**TASK INSTRUCTIONS:** Leave the pictures out and give every entry again exactly.

**EXTRACTED DATA:**
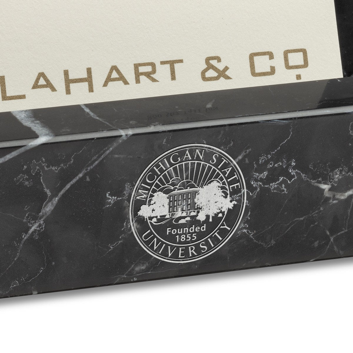 Perfect for new grads and seasoned professionals, the officially licensed Michigan State University marble cardholder is an essential for the desk of Michigan State fans. The Michigan State Logo is elegantly featured on the front of this substantial, solid marble card holder and accommodates all standard size business cards.
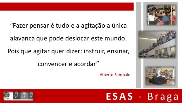 11. 11. “Fazer pensar é tudo e a agitação a únicaalavanca que pode deslocar este mundo.Pois que agitar quer dizer: instruir, ensinar, convencer e acordar” Alberto Sampaio ESAS - Braga
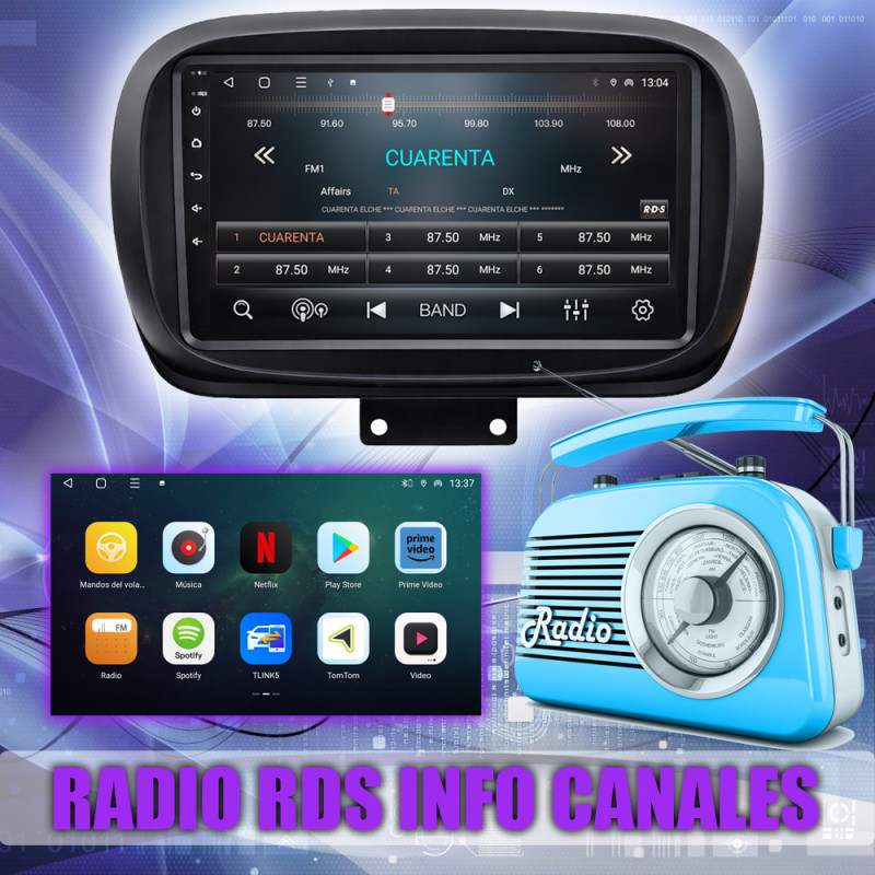 Radio FM con RDS, muestra nombres de emisoras y datos adicionales.
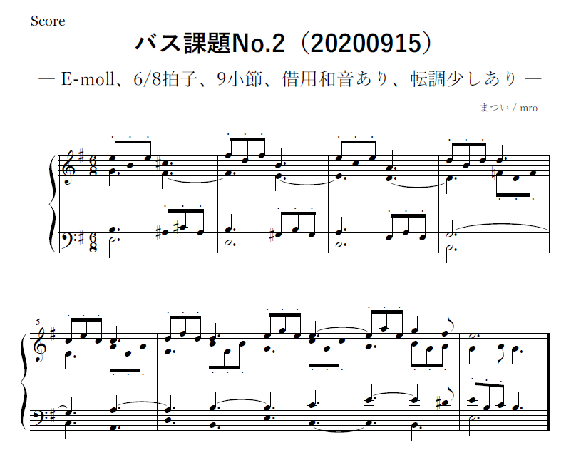 これ、実は大学の授業で「ソプラノ課題を作ってみよう!」ってテーマだった時に作ったものをアレンジしました(そもそもバス課題だし)。
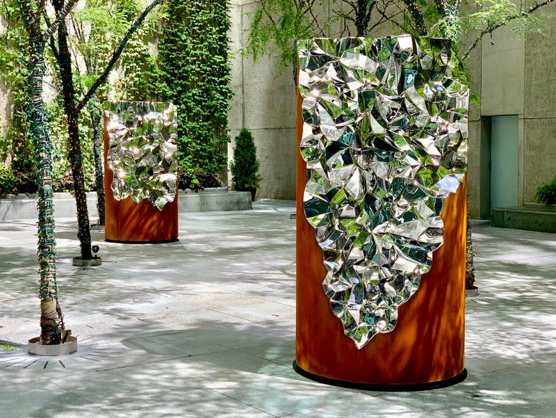 Jonathan Prince, Shatter Series, cor-ten and polished steel, in situ at Christie’s Sculpture Garden 2019, courtesy of Jonathan Prince Studio
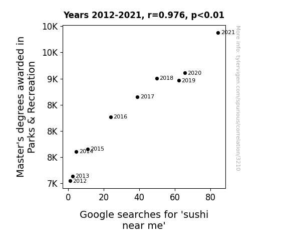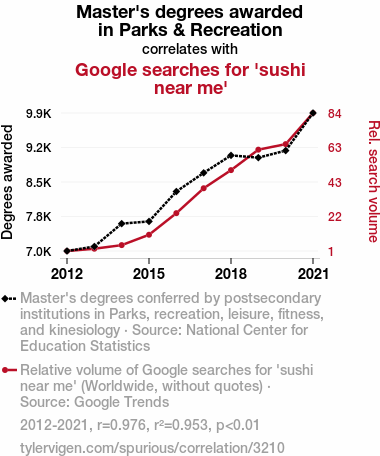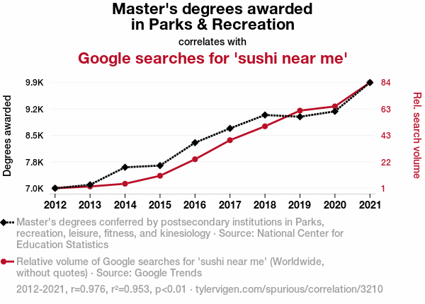 Parks & Recreation, Master's degrees, National Center for Education Statistics, Google Trends, sushi craving, 'sushi near me' searches, correlation coefficient, statistically significant, 2012-2021, academic pursuits, culinary cravings

**RESPONSE:**
 Perfect for new grads and seasoned professionals, the officially licensed Michigan State University marble cardholder is an essential for the desk of Michigan State fans. The Michigan State Logo is elegantly featured on the front of this substantial, solid marble card holder and accommodates all standard size business cards.
 11. 11. “Fazer pensar é tudo e a agitação a únicaalavanca que pode deslocar este mundo.Pois que agitar quer dizer: instruir, ensinar, convencer e acordar” Alberto Sampaio ESAS - Braga
 Radio FM con RDS, muestra nombres de emisoras y datos adicionales.
 これ、実は大学の授業で「ソプラノ課題を作ってみよう!」ってテーマだった時に作ったものをアレンジしました(そもそもバス課題だし)。
 Jonathan Prince, Shatter Series, cor-ten and polished steel, in situ at Christie’s Sculpture Garden 2019, courtesy of Jonathan Prince Studio
 Parks & Recreation, Master's degrees, National Center for Education Statistics, Google Trends, sushi craving, 'sushi near me' searches, correlation coefficient, statistically significant, 2012-2021, academic pursuits, culinary cravings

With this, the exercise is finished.